Celle-ci en effet tourne tout entière autour de deux grandes questions qui pour Steiner n’en font qu’une : le langage comme objet possible de manipulations, de falsification ou de propagande, au péril de la dignité humaine (car le corps de la langue est notre corps second, notre corps culturel qui détermine entièrement notre rapport à notre corps naturel), et le scandale du Mal dans l’histoire et dans la nature humaine. Ce qu’il traque dans les grandes œuvres qu’il étudie, c’est au fond avant tout ce qu’elles nous apprennent sur cette inscription du Mal au cœur de l’Homme. Ce Mal, Steiner l’interroge en Juif qu’il est, et surtout en survivant de la Shoah, dont les parents ont fui l’Autriche dans un pressentiment de l’imminence de la catastrophe, puis quitté la France pour les États-Unis en 1940, quelques jours avant l’invasion allemande.

On a pu lire beaucoup de rappels, ces jours-ci sur Internet, de l’intérêt prétendûment coupable ou suspect qu’aurait éprouvé Steiner pour quelques « monstres » remarquables de la vie intellectuelle. Il tint en particulier à rencontrer Lucien Rebatet, éminent représentant du fascisme français, antisémite virulent, condamné à mort à la libération puis gracié in extremis. Quelle fascination poussa donc Steiner vers cet écrivain qui n’eut jamais un mot de regret pour son engagement public ? Plus que le désir de voir de près à quoi ressemblait l’un de ses bourreaux potentiels, ce fut probablement avant tout ce constat de lecteur : Les Deux Étendards, roman écrit par Rebatet dans l’attente de son exécution (et publié en 1952 par Gallimard, probablement sur la recommandation de Camus), est un authentique chef d’œuvre de la littérature française, quoi qu’on pense de son auteur. Comment un monstre peut-il écrire, malgré tout, un chef d’œuvre ? La question hanta aussi Etiemble dans L’Hygiène des lettres (1955) : comment un individu parfaitement ignoble, un pur salaud, peut-il devenir un romancier capable de traiter ses personnages avec intégrité, pureté, sens de l’absolu, et même droiture ? « Que voulez-vous, je n’y suis pour rien », assénait Etiemble, pourtant pas précisément susceptible de complaisance envers l’idéologie nazie. Il l’expliquait par la situation dans laquelle s’était trouvé Rebatet, dont aucun autre livre n’atteint à la même hauteur : écrire en se sachant condamné à une mort imminente met à nu le génie littéraire en interdisant les postures. Steiner, de son côté, revenant dans Extraterritorialité (2002) sur sa relation avec Rebatet, constatait que son cas relevait du « mystère » au sens religieux du terme : « Dans un même esprit humain peuvent se trouver associées la capacité à jouer et aimer Bach et la volonté d’exterminer un ghetto ou de napalmer un village. » Et donc, si l’on veut étudier la nature humaine, il faut partir de là.

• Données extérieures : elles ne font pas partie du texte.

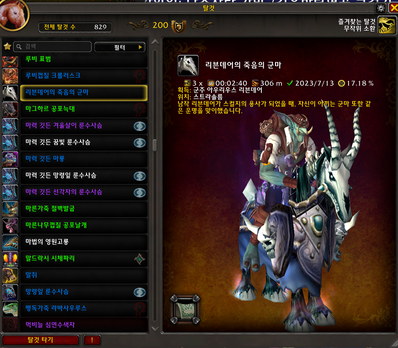 2023.07.14 리븐데어의 죽음의 군마 획득 829번째 탈것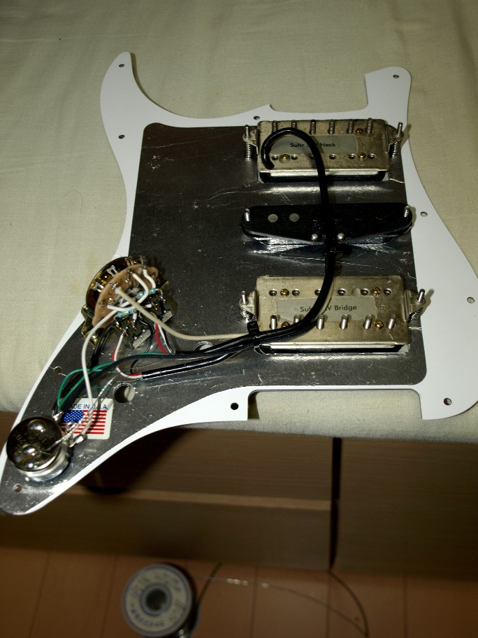 SSS配置をHSH配置にします。更にハムはSW一つでタップ配線への変更が出来る様にします(あるHPでタップとシングルのハーフトーンが美しいって書いて有りましたので)。

Par-delà les turpitudes humaines

Cette coexistence est au fond la grande énigme à laquelle se sera donc affronté toute sa vie George Steiner, la raison pour laquelle il aura tenu encore à dialoguer (sans aucune concession) avec un esprit aux égarements à peine moins graves, et dépassés de plusieurs manières, mais tout de même marqué par sa proximité jamais reniée avec Charles Maurras et par un antisémitisme d’inspiration chrétienne, le philosophe Pierre Boutang : leur dialogue, dont la diffusion à la télévision fut un grand moment, devait nécessairement porter sur la question du Mal. Et ne pas y apporter de réponse, bien sûr, mais faire toucher du doigt l’essentiel, jusqu’à conduire le maurrassien inconditionnel à vaciller et à reconnaître que les Juifs n’ont pas à être vus comme « rebelles » à la vérité chrétienne. Tout comme il avait reconnu en Rebatet l’auteur des Deux Étendards, George Steiner était allé vers Boutang parce qu’Ontologie du secret lui semblait un des grands textes métaphysiques du XXe siècle (et de fait, pour peu qu’on considère que la métaphysique conserve une légitimité, ce jugement se défend). C’est la même capacité de reconnaître la grandeur d’une œuvre par-delà les turpitudes humaines de son auteur qui peut conduire un chef d’orchestre juif à diriger du Wagner… 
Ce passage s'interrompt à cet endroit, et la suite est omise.